Peptide vaccination directed against IDO1-expressing immune cells elicits CD8+ and CD4+ T-cell-mediated antitumor immunity and enhanced anti-PD1 responses

Affiliations

Peptide vaccination directed against IDO1-expressing immune cells elicits CD8+ and CD4+ T-cell-mediated antitumor immunity and enhanced anti-PD1 responses

Souvik Dey et al. J Immunother Cancer. 2020 Jul.

Abstract

Background: The tryptophan-catabolizing enzyme indoleamine 2,3-dioxygenase 1 (IDO1), which subverts T-cell immunity at multiple levels, is itself subject to inherent T-cell reactivity. This intriguing deviation from central tolerance has been interpreted as counterbalancing IDO1-mediated immunosuppression. Based on this hypothesis, clinical studies employing an IDO1 peptide-based vaccine approach for cancer treatment have been initiated, but there remains a pressing need to further investigate the immunological ramifications of stimulating the anti-IDO1 T-cell response in this manner.
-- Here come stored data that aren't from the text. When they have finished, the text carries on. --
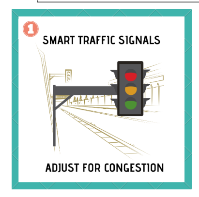
Top 3 Desired Changes to Transportation
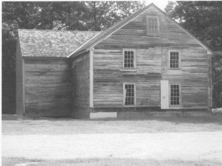
View from the west. A vertical line from the ground to the roof (partly covered by a white board) between the attic window and the two right windows indicates where a chimney for a heater in the right front parlor was removed.
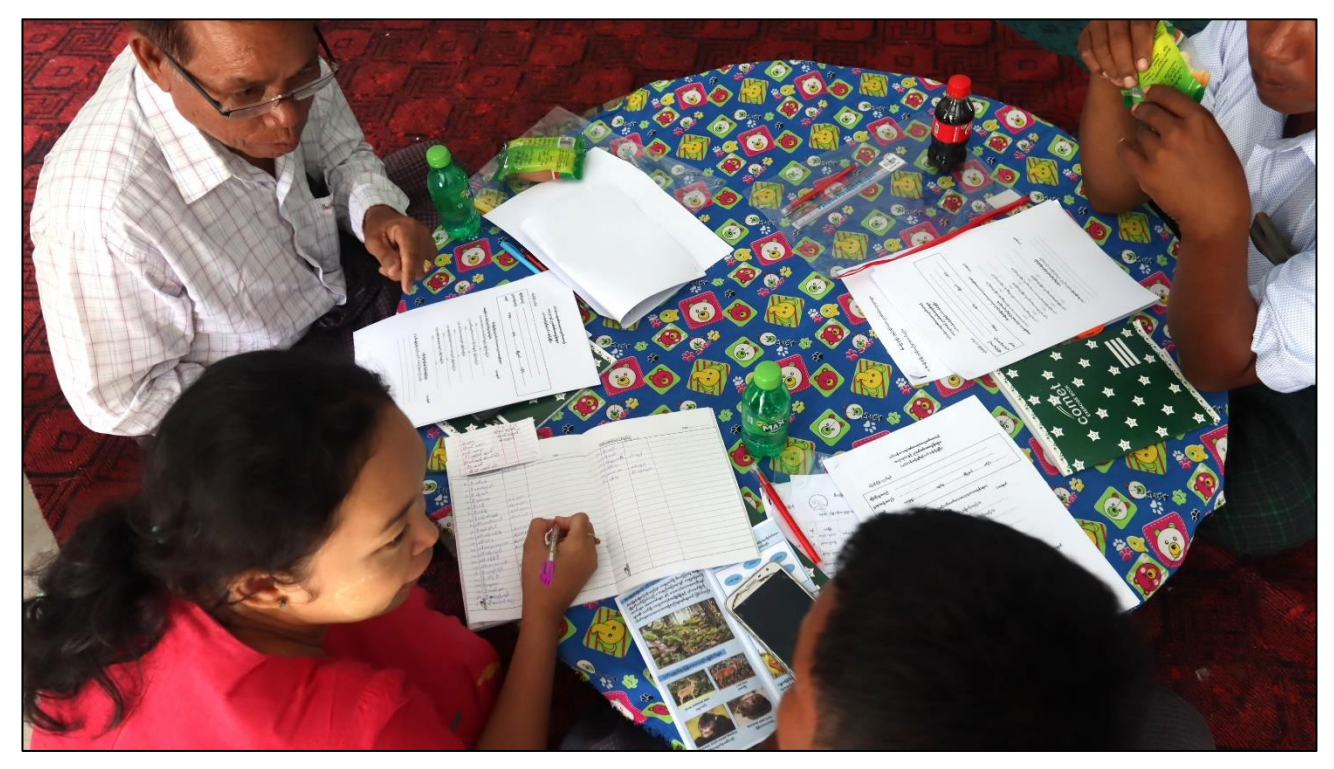
Fig - 3: Administrative and financial management training photos

On 16<sup>th</sup> to 20<sup>th</sup> June, the two members who are selected the trainees joined in with the BANCA performing the education awareness programs at the seven villages namely Pyu village, Taung kan village, Kyauk kan village, Moe nan chon village, Myin thae village, Ywar taw lay village and Yae ka moe village are irrigated villages of Pyu Lake for raising knowledge about the value of inland wetland services and wetland conservation to humans and migratory water birds. To more understand that designation the conservation sites such as Ramsar and Flyway Network Site are highly productivity their livelihoods and more involve with the long term of inland wetland conservation programs in Mandalay region.
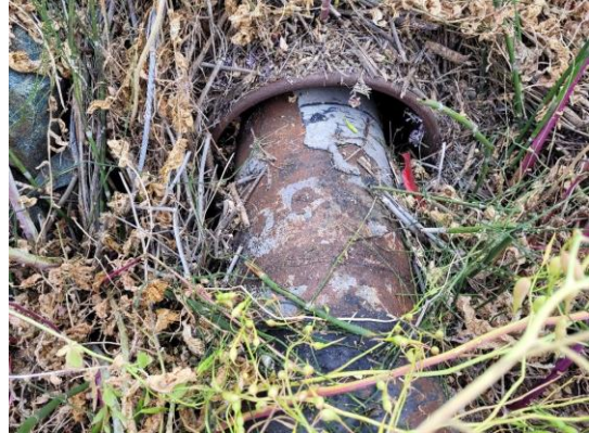
Water-Side: Not grouted annular space between pipes on levee shoulder
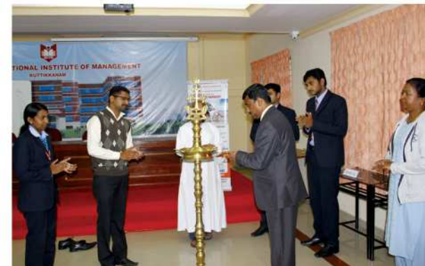
Inauguration of FINEX CLUB
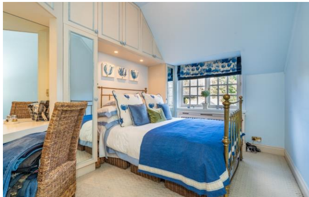
BEDROOM TWO: Window to the front, built in wardrobes and storage over the bed area, recess with built in dresser unit, radiator, downlights.

EN-SUITE BATHROOM: White suite of panel enclosed bath with mixer taps and hand shower attachment, low level WC and pedestal wash basin. Part tiled walls, radiator and electric shaver point.
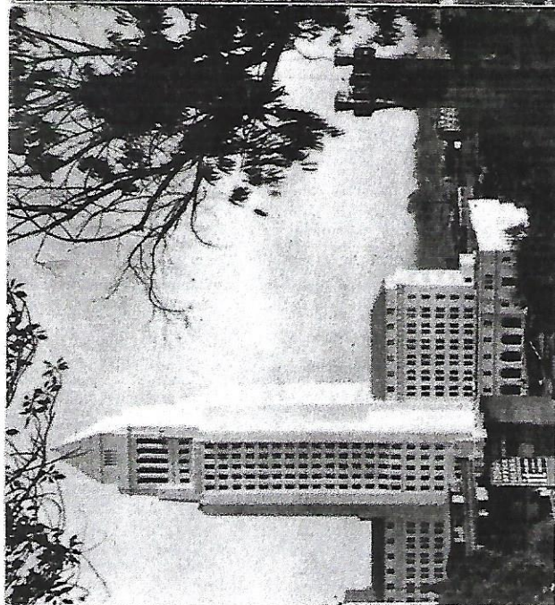
LOS ANGELES' city hall overlooks a sunny metropolis of broad boulevards, lovely homes and gardens.

Methods: CT26 colon carcinoma tumors were evaluated for expression of IDO1 protein by western blot analysis, immunofluorescence microscopy and flow cytometry. Mouse IDO1-derived peptides, predicted to bind either major histocompatibility complex (MHC) class I or II of the H2d BALB/c strain, were emulsified in 50% Montanide for prophylactic or therapeutic vaccine treatment of CT26 tumor-bearing mice initiated either 7 days prior to or following tumor cell injection, respectively. In some therapeutic treatment experiments, administration of programmed cell death protein 1-binding antibody (anti-PD1 antibody) or epacadostat was concurrently initiated. Tumor size was determined by caliper measurements and comparative tumor growth suppression was assessed by longitudinal analyses of tumor growth data. For adoptive transfer, T cells from complete responder animals were isolated using paramagnetic beads and fluorescence-activated cell sorting.

Results: This study identifies mouse MHC class I-directed and II-directed, IDO1-derived peptides capable of eliciting antitumor responses, despite finding IDO1 expressed exclusively in tumor-infiltrating immune cells. Treatment of established tumors with anti-PD1 antibody and class I-directed but not class II-directed IDO1 peptide vaccines produced an enhanced antitumor response. Likewise, class I-directed and II-directed IDO1 peptides elicited an enhanced combinatorial response, suggesting distinct mechanisms of action. Consistent with this interpretation, adoptive transfer of isolated CD8+ T cells from class I and CD4+ T cells from class II peptide-vaccinated responder mice delayed tumor growth. The class II-directed response was completely IDO1-dependent while the class I-directed response included an IDO1-independent component consistent with antigen spread.

Conclusions: The in vivo antitumor effects demonstrated with IDO1-based vaccines via targeting of the tumor microenvironment highlight the utility of mouse models for further exploration and refinement of this novel vaccine-based approach to IDO1-directed cancer therapy and its potential to improve patient response rates to anti-PD1 therapy.

Keywords: adaptive immunity; immunotherapy; indoleamine-pyrrole 2,3,-dioxygenase; programmed cell death 1 receptor; vaccination.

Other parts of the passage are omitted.